ZeroAccess From Rootkit to Nasty Infection

Author	All Replies
Triple Helix Go Blue Jays Go Premium join:2007-07-26 Oshawa, ON kudos:7 Reviews: ·Rogers Hi-Speed	ZeroAccess From Rootkit to Nasty Infection One year ago we’ve blogged about ZeroAccess striking back at antivirus products by means of malicious payload injection causing the antivirus products to terminate. ZeroAccess is known for causing browser redirects causing additional malware infections. ZeroAccess (also known as Sirefef, Maxplus or Smiscer) changed its way of working a few times and recently it evolved from a rootkit into a user mode virus. This makes sense because it used to use different strategies on 32-bit and 64-bit computers. On 32-bit Windows ZeroAccess infected a random kernel driver and on 64-bit it used an altered Session Manager\SubSystems registry key to survive reboots. Merging both 32 and 64-bit versions the authors now have a common code base for both architectures which is easier to maintain and improve. Services.exe infection Since a few weeks we receive reports of slightly changed versions of services.exe. This Microsoft component is the Services Control Manager and is responsible for running, ending, and interacting with system services. Upon closer inspection, the minor changes to services.exe are not malicious at all. But they do uncover a new and novel way of hiding malicious payload making ZeroAccess invisible to most antivirus products. Full Story: »hitmanpro.wordpress.com/2012/06/···fection/ -- Triple Helix - Microsoft® MVP Consumer Security 2012 VIP Member Of ASAP - (Alliance of Security Analysis Professionals™) Official Webroot SecureAnywhere (Prevx) Support Forum Helper! (H59 Clan)

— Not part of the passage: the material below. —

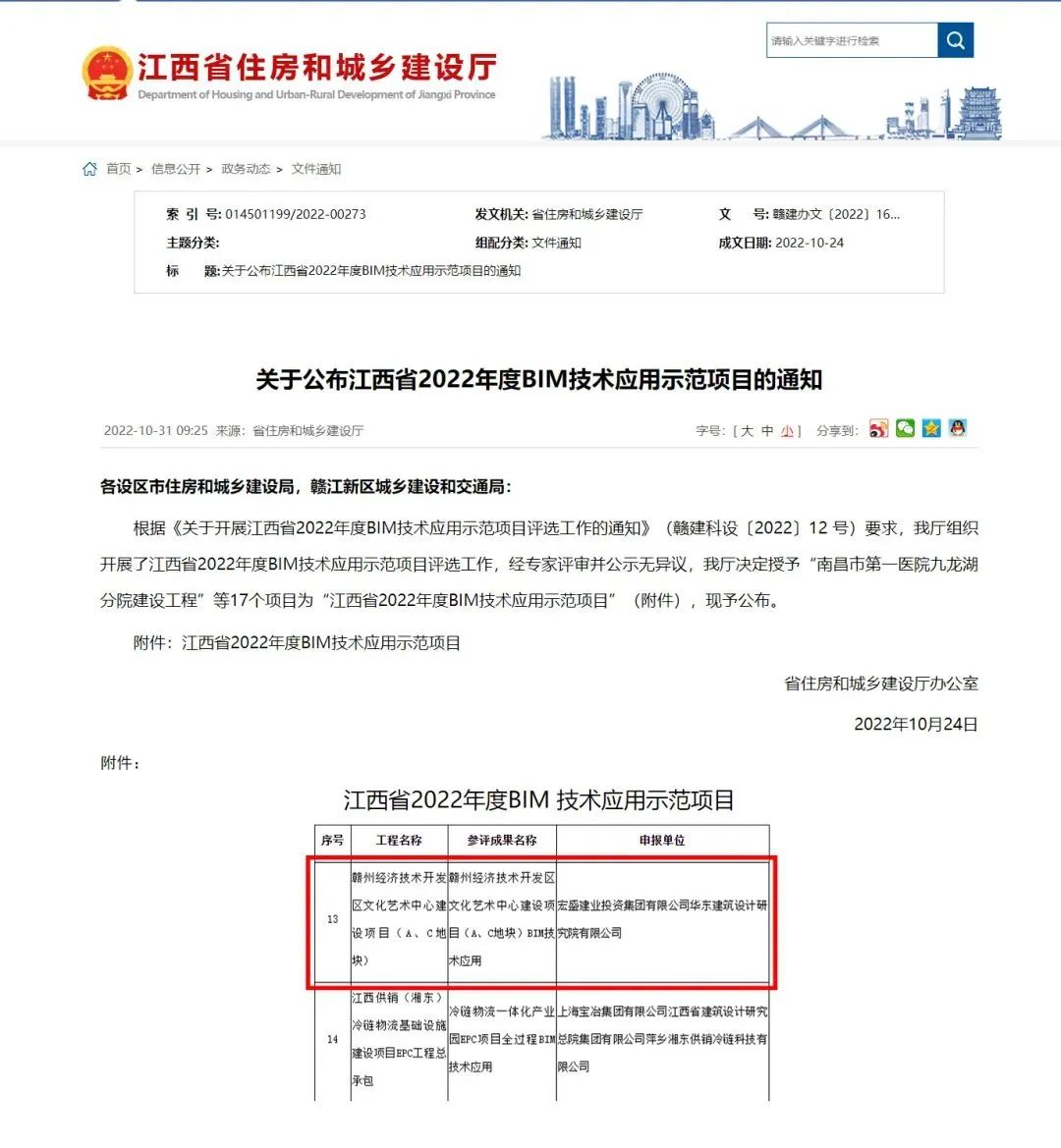 这一年,江西省“质量月”活动暨质量管理标准化观摩会,在赣州经济技术开发区文化艺术中心(A、C地块)建设项目举行。该项目同时获评江西省2022年度BIM技术应用示范项目

	to forum · permalink · 2012-06-25 21:40:18 ·
Jrb2 Premium join:2001-08-31 kudos:3	»[App Update] HitmanPro 3.6 Build 160 Released === The ESET Blog ZeroAccess: code injection chronicles has also an interesting analysis. (not so long ago some NOD32 users had problems with the ZeroAccess/Sirefef services.exe variant infection; hopefully that's now history)

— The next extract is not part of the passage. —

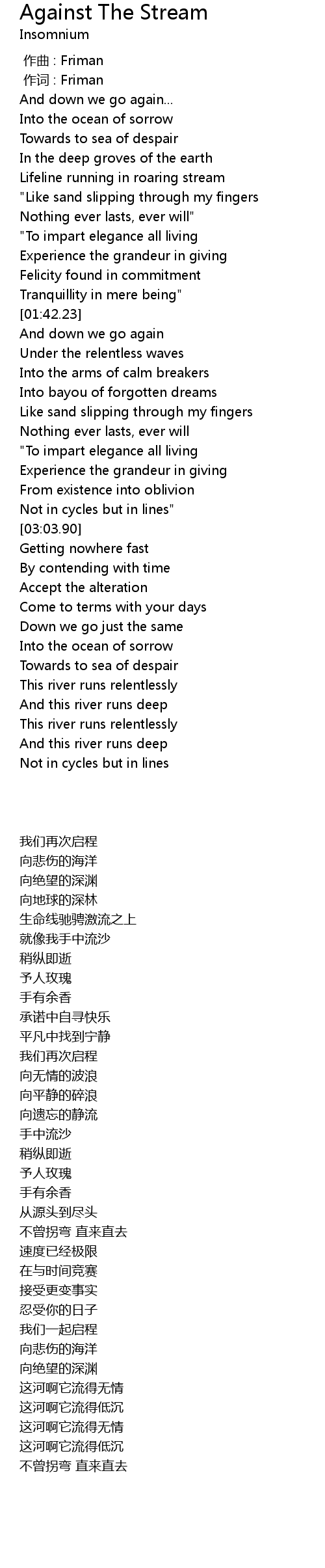 | [00:50.32] | Lifeline running in roaring stream |

	to forum · permalink · 2012-06-26 21:39:09 ·
redwolfe_98 Premium join:2001-06-11 kudos:1	reply to Triple Helix i see a lot of people, over in the avira forum, whose computers are getting infected with this malware.. i am glad to see that the avira program is at least flagging the malware.. i am wondering if hitmanpro's cleanup-routine restores a clean copy of "services.exe"..
	to forum · permalink · 2012-06-26 23:57:49 ·
Jrb2 Premium join:2001-08-31 kudos:3	said by redwolfe_98: i am wondering if hitmanpro's cleanup-routine restores a clean copy of "services.exe".. My guess would be "yes". I guess that that is one of the strong points of HitmanPro. But I don't have first-hand proof for it. You can have a look at the screenshots posted by Erik at Wilders: »www.wilderssecurity.com/showpost···unt=4451 In a similar case (of course not exactly the same), the infection caused by the Dutch news site NU.nl a few months ago, HitmanPro was said to be able to do a similar trick.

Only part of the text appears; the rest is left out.